Ghailan mengangguk paham, kehilangan orang tua bukanlah hal yang mudah bagi setiap orang. Kedua orang tua Najla yang merupakan seniornya telah tiada karena kecelakaan mobil sepulang dari mengantarnya ke bandara tujuh tahun lalu, ketika Ghailan akan berangkat ke Afrika sebagai pasukan pengamanan daerah konflik. Ia tidak mengetahui kabar meninggalnya dua sahabatnya itu sampai ia menelepon ke Indonesia di waktu luangnya. Perasaannya hancur mengetahui keadaan dua karibnya yang telah tiada tepat di hari keberangkatannya terlebih memikirkan putri mereka yang sangat muda, Najla.

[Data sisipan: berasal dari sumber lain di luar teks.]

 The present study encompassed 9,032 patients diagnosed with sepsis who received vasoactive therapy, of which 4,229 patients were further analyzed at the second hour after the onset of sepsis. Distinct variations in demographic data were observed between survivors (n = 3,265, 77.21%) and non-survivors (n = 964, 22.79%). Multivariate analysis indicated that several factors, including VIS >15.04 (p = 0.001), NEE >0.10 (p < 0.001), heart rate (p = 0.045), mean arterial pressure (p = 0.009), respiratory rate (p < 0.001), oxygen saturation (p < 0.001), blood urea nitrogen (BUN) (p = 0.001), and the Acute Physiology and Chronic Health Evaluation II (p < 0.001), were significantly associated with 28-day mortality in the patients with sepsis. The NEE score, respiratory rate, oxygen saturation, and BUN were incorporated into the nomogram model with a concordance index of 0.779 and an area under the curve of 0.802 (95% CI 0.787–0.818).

Setelah selesai sarapan, Ghailan kembali ke kamar Najla. Ia membuka gorden yang menghalau sinar matahari menembus kamar gadis itu.

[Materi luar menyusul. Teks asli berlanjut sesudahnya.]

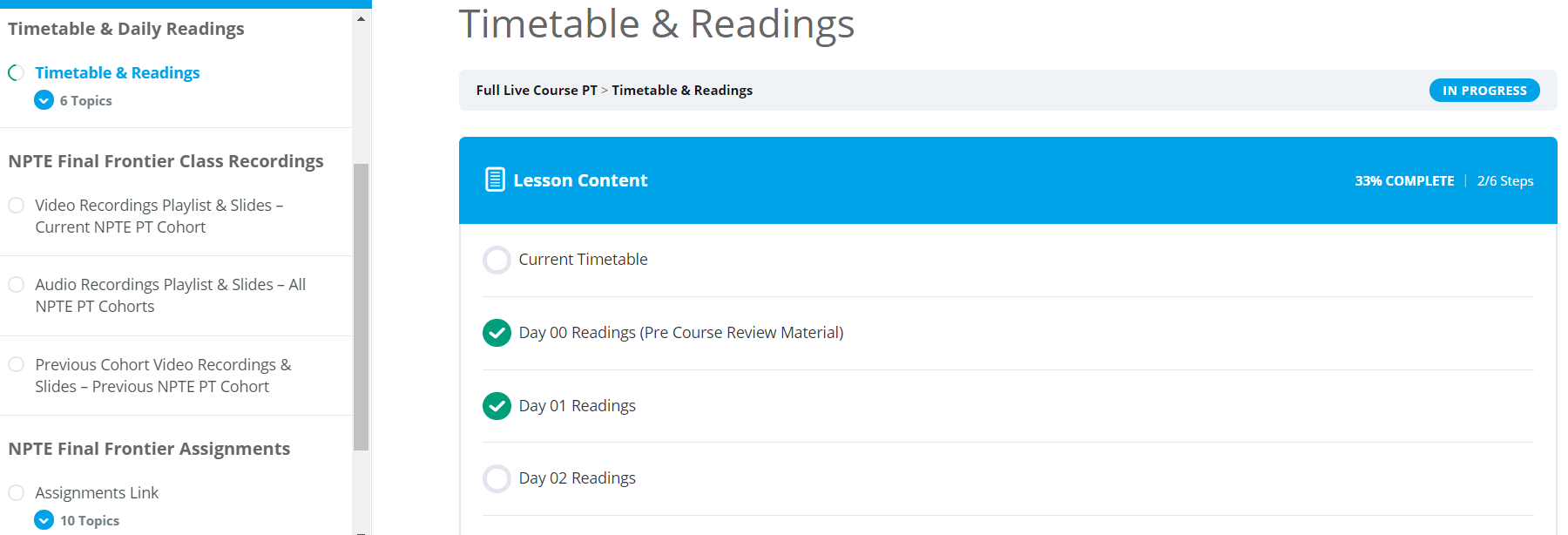 Our live online lectures are take place on Tuesday and Thursday at 5PM PST and Saturday at 8:30AM each week (~3x/week) and the recording will be posted on the course page within 1-day of the live class. The full lecture series provides over 30 2-hour video lectures, all aligned to current NPTE standards.
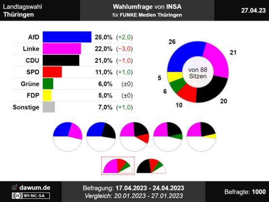 #Wahlumfrage Thüringen, INSA (27.04.23): AfD: 28% (+2), Linke: 22% (−3), CDU: 21% (−1), SPD: 11% (+1), Grüne: 6%, FDP: 5%, Sonstige: 7% (+1) ➤ https://dawum.de/Thueringen/INSA/2023-04-27/ | #Sonntagsfrage #ltwth

"Bi, jangan dibuka!" rengek Najla merasa terganggu dengan sinar matahari yang menyilaukan matanya. Ia mengambil bantal untuk menutup kepalanya. Selimut yang ia pakai sudah terjatuh ke lantai memperlihatkan tungkai putihnya yang hanya mengenakan rok abu-abu yang kini tersingkap setengah pahanya. Ghailan yang berdiri menyaksikan bagaimana gadis itu kembali menikmati tidurnya hanya bisa menggelengkan kepala.

Ghailan mendekati ranjang dan menurunkan rok Najla. Ia kemudian menarik bantal yang menutupi kepala Najla membuat gadis itu memerengut kesal.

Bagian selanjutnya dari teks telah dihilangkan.